Katamari Damacy creator Keita Takahashi has stated his latest game, To a T, “didn’t sell well” and “wasn’t a good fit”, expressing the difficulties of releasing more experimental games.
Takahashi is best known for the surreal Katamari Damacy series, which sees players rolling a ball around environments collecting increasingly bigger objects. Takahashi left publisher Namco in 2010 and has since lived in Vancouver and San Francisco while working on other projects.
However, speaking to Games Radar, Takahashi revealed he doesn’t own the Katamari Damacy IP (with Namco continuing the series itself). What’s more, he’s now had to move back to Japan due to To a T’s lack of success.
“I don’t think anyone tries to make a niche game,” said Takahashi of his output. “The title ‘niche game’ is just a result. I know my games are far from mainstream.

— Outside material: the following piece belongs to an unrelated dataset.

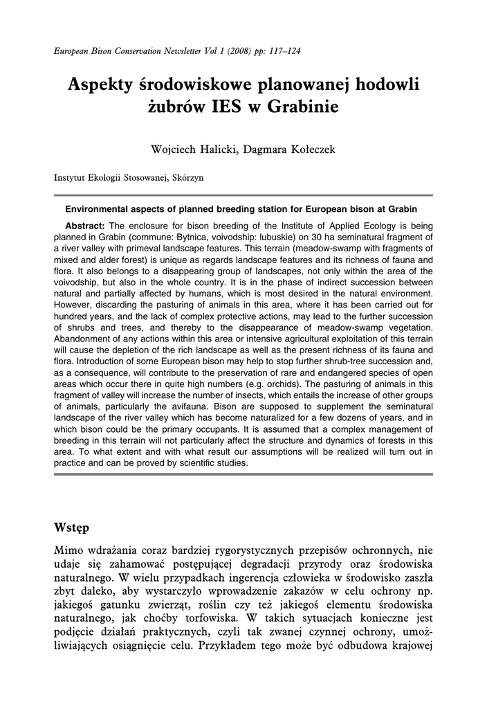Aspekty środowiskowe planowanej hodowli żubrów IES w Grabinie

“I recently returned to Japan, and one of the reasons I had to do was because To a T didn’t sell well. This is a risk of being independent, and I’m willing to take it, but I don’t think it’s a question of niche or traditional, it’s a question of whether people like it or not.”
Takahashi believes there’s “still room for new ideas”, but “unfortunately To a T just wasn’t a good fit”.
Published by Annapurna and developed by his own studio Uvula, To a T follows a young child who’s stuck in a T pose. It’s full of joy and humour, but it’s also a game about living with a disability.
Takahashi told Games Radar he was inspired by the “downer mood/vibes/atmosphere of the place where we live” and so wanted to “make something very positive and silly”.
“I’m not sure, but it’s definitely getting harder for me,” he said, when asked about the difficulties of releasing experimental games. “If anyone wants to invest in a Uvula, let me know. Let’s make more fun and weird games!”
“What ultimately worked for me about To a T, about this frustrating, bewildering, clumsy and ingenious game – and I see this in glimpses, and in little starbursts of my own triggered memories – is its abiding sense of just how luridly weird life is when you’re young, how boundless and loosely-ruled it seems,” wrote Christian Donlan for Eurogamer about understanding the core of To a T.